[col. writ. 5/9/13] © ’13 Mumia Abu-Jamal
The events arising out of Cleveland, Ohio, are so shocking, so unexpected that they cause us to pause – and to question.
How well do I know my neighbors?
How well do I know anyone?
We don’t, of course. We see one’s comings and goings, but Americans don’t really like meddling or mingling much.
In earlier times, men said: ‘A man’s home is his castle!’ This principle reigned for decades.
(I suppose now, some will say, ‘a man’s home is his dungeon!’ huh?–) But, I digress.
Cleveland isn’t as far from us as we’d like to admit. For a quiet scandal is simmering on the nation’s stove, that may even make Cleveland look almost normal.
I speak of the tens of thousands of cases, most of which go unreported, of women in the military who are raped by fellow soldiers, airmen, marines – and their officers.
Perhaps few such attacks are more of a betrayal (possibly that of a father of a daughter), but here, where young women enter with the illusion of camaraderie, they are betrayed by their so-called brothers-in-uniform- and then turned on by officers who resent their reporting such attacks!
We live in a rape culture.

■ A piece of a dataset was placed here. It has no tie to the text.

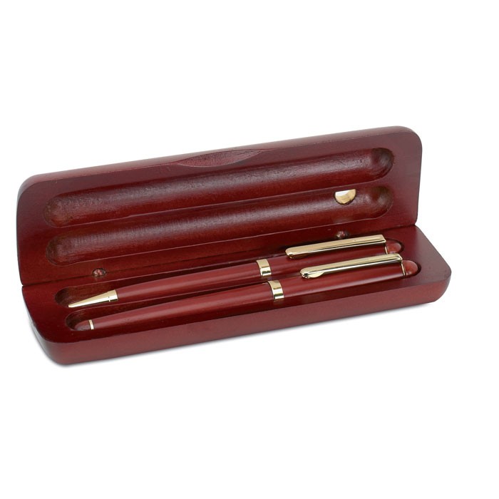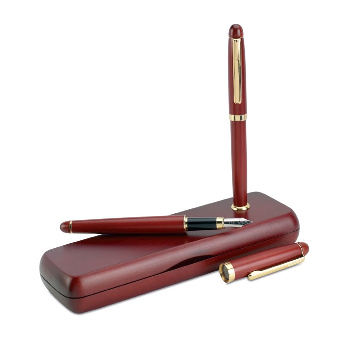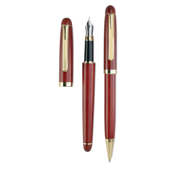 Set luxueux bois de rose: stylo bille et plume

We live where the lives and even the bodies of women are mere material to be used, and discarded.
Who can deny that this country was born on the freedom of white men to rape African and Indian women on a whim?
Indeed, for centuries it wasn’t a crime!
Why should it surprise us that it is so deep in American male culture?
Donald Matthews, a Black clergyman and author of the book, Honoring he Ancestors, coined the term rapitalistic to reflect the twin forces of rape and capitalism to expose the American drive to conquer and exploit all that is touched.
Land. Women. Nonwhites. Nature.
From Cleveland to Iraq isn’t so far after all.